Brought the new horse in and she's managed to cut the bulb of her heel of her near hind. Think she did it on a flint - it has sliced up it.

I've cleaned it out and squirted somegreen oils in. I've turned her out with a dressing and vet wrap on because she is one that needs to be out as much as possible and I wanted to keep it clean. I will take the dressing/vetwrap off this evening so it can breathe and hopefully start healing.

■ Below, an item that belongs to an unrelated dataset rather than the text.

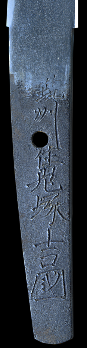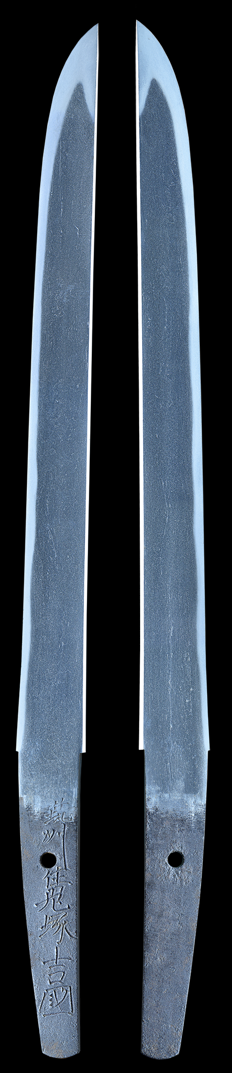 This tantō is signed Onizuka Yoshikuni (鬼塚吉國), a regional swordsmith working in Chikuzen Province (Kyūshū). The blade dates to the late Muromachi to early Edo period and represents the provincial Kyūshū tradition, which is known for producing practical, well-forged blades with strong regional character. Signed examples by Onizuka Yoshikuni are comparatively uncommon.

Should I be doing anthing else?


----------



## brightmount (5 November 2007)

Difficult area to put a dressing on - I hope she won't have already taken it off for you when you bring her in. If it's very deep I would get the vet to advise you as you don't want an infection to set in. Otherwise, Sudocrem is good for heel bulbs as it is thick and forms a barrier.


----------



## k9h (5 November 2007)

A friens horse did this by putting it's hoof through wire fence &amp; cut down into the bulb quite away &amp; across it. Vet was on about doing pinch grafts out of it's neck &amp; everythng. She told him where to go! as Op cost way more than the horse did! So she just put aloe vera gel on the wound &amp; an over reach boot to keep the flies off as was in summer &amp; he healed up perfectly you could't even find a scar afterwards.
But then another friends horse over reached into it's front hoof doing the exact same injury whilst out hunting, I tried to cheer her up telling her of above story. Sadly though her's had to be PTS as had smashed the bones in the hoof.
So if in doubt get the vet it. Sorry not been much help!


----------



## Christmas Crumpet (5 November 2007)

The vet is coming out tonight to see my other horse anyway so have cleaned it twice thoroughly and put green oils on and vetwrap and a dressing to keep it clean out in the field today. Think it should be ok - hope so - quite fancy taking her hunting next week!!


----------



## Moggy in Manolos (5 November 2007)

if you can, (i get my horse to do it to help prevent thrush) by simply getting a strong salt water solution in a bucket and getting horse to keep foot in them, this would also help healing, or if you live near a beach, walks in the sea will help wonders on top of what your doing


----------



## Christmas Crumpet (6 November 2007)

The vet came out last night to see my other crock of a horse and I pulled the mare out to show him. He said to clean it with boiled salt water and keep it clean and it should be fine. He may snip the flap of skin off but doesn't need to at the moment because it's helping protect it. 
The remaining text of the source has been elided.